All of the lines below are to be transcribed faithfully, with pictures excluded from the copy.

(Available data)

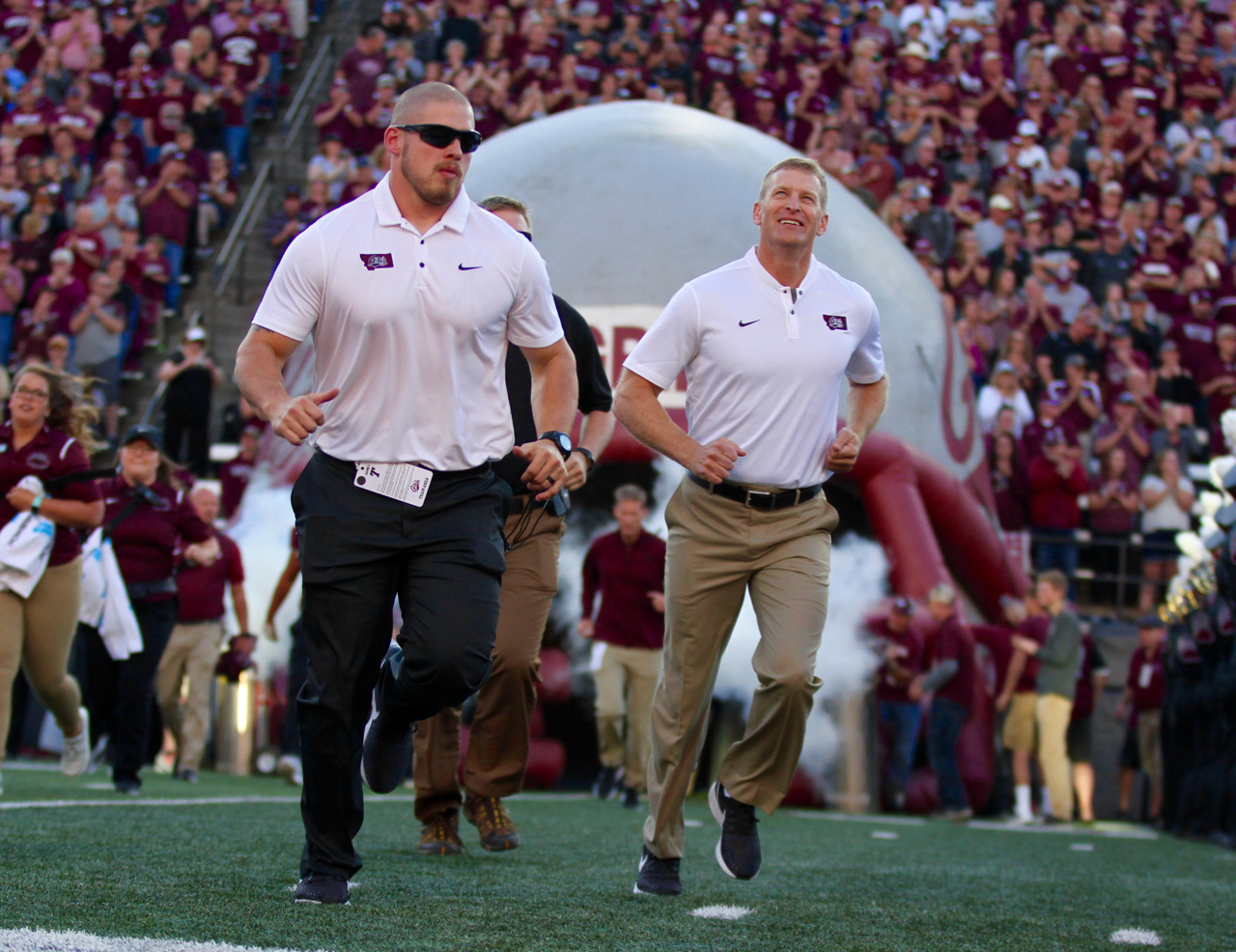 Montana head coach Bobby Hauck runs onto the field at Washington-Grizzly Stadium in 2018/by Brooks Nuanez
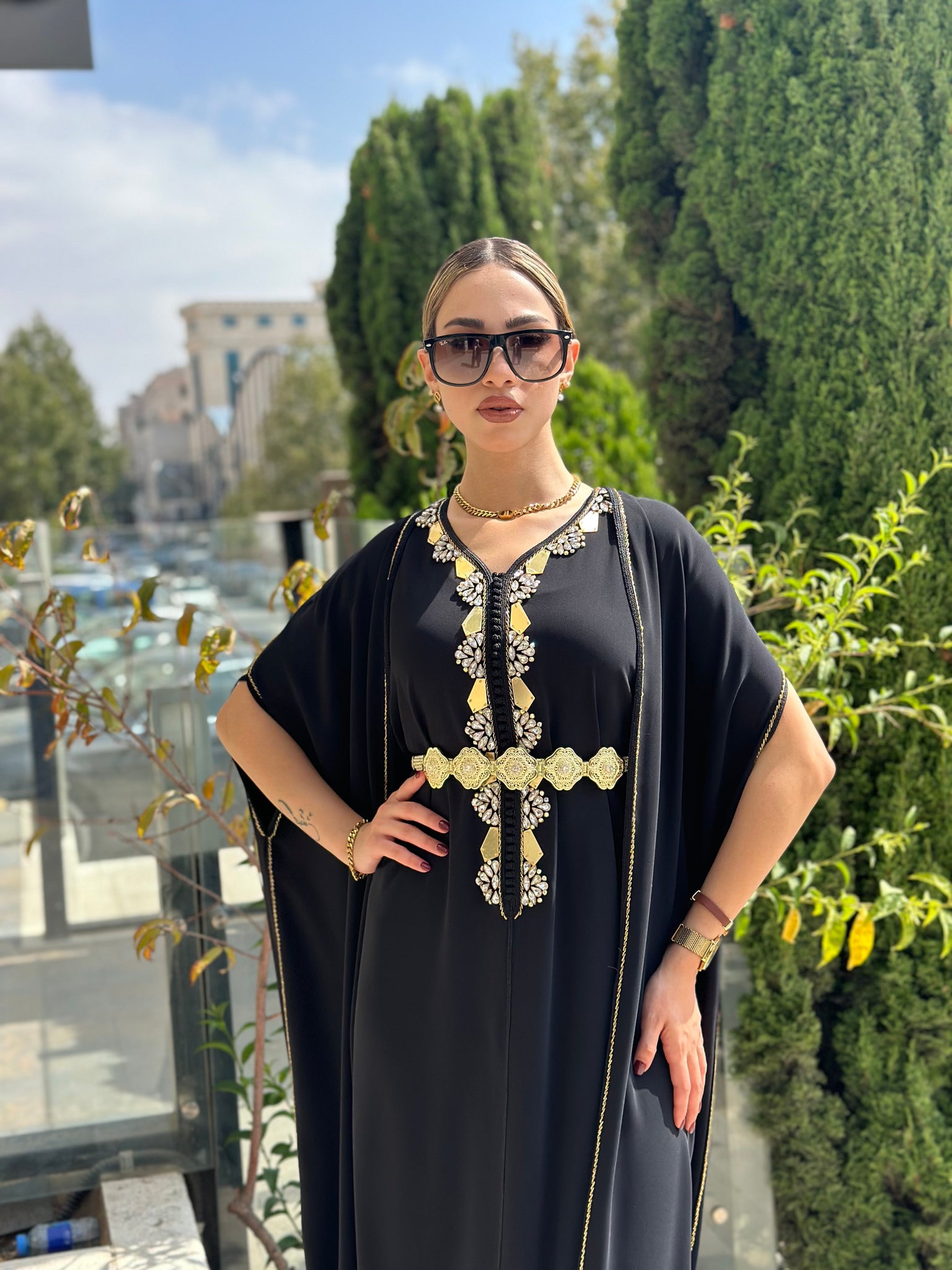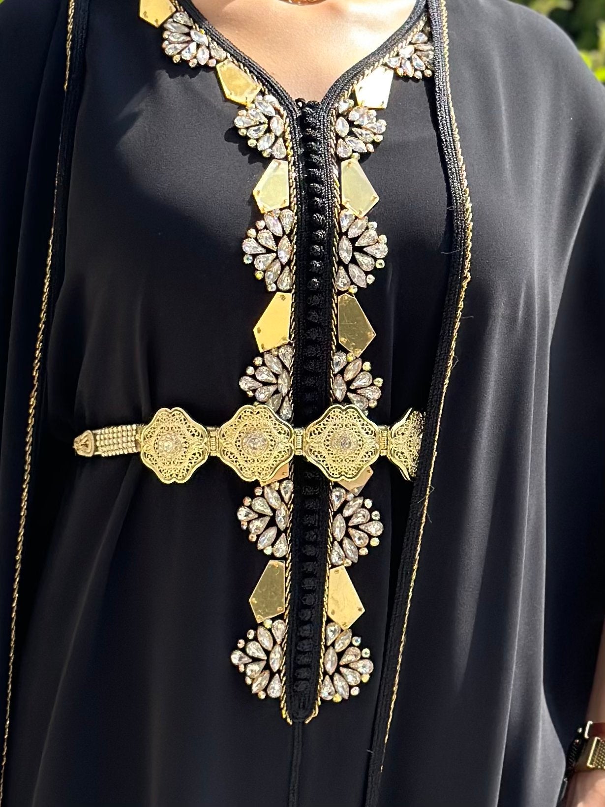 Handcrafted Excellence: Embrace elegance with this stunning sleeveless black caftan, meticulously handmade by skilled Moroccan artisans. Intricate gold detailing and hand-embellished stones add a luxurious touch, making it perfect for creating unforgettable memories. With only one piece available, you’ll truly stand out in any setting. Don’t miss your chance to own this unique piece—order yours today!
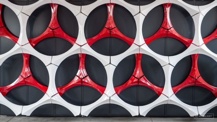 По специально разработанной технологии из акрилового стекла изготовлены стеновые и потолочные светильники до 4.5 м в длину. Отдельные элементы изготовлены по технологии термовакуумного формования.
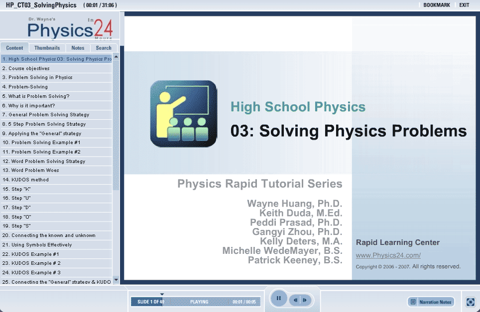 Problem solving doesn’t just apply to working out physics problems.  It applies to many academic and real life topics.  This tutorial gives a very general outline to help attack any type of problem.  A common difficulty with science classes is the dreaded word problem.  The KUDOS method gives the student a place to start and a step by step method to begin the solution.  KUDOS stands for known, unknown, definition, output, and substantiation.  In addition to problem solving, this tutorial give hints to succeed on tests.  Multiple choice, free response, and essay tips are all covered.

(End Available data)

**Solution to the problem:**
 Montana head coach Bobby Hauck runs onto the field at Washington-Grizzly Stadium in 2018/by Brooks Nuanez
 Handcrafted Excellence: Embrace elegance with this stunning sleeveless black caftan, meticulously handmade by skilled Moroccan artisans. Intricate gold detailing and hand-embellished stones add a luxurious touch, making it perfect for creating unforgettable memories. With only one piece available, you’ll truly stand out in any setting. Don’t miss your chance to own this unique piece—order yours today!
 По специально разработанной технологии из акрилового стекла изготовлены стеновые и потолочные светильники до 4.5 м в длину. Отдельные элементы изготовлены по технологии термовакуумного формования.
 Problem solving doesn’t just apply to working out physics problems.  It applies to many academic and real life topics.  This tutorial gives a very general outline to help attack any type of problem.  A common difficulty with science classes is the dreaded word problem.  The KUDOS method gives the student a place to start and a step by step method to begin the solution.  KUDOS stands for known, unknown, definition, output, and substantiation.  In addition to problem solving, this tutorial give hints to succeed on tests.  Multiple choice, free response, and essay tips are all covered.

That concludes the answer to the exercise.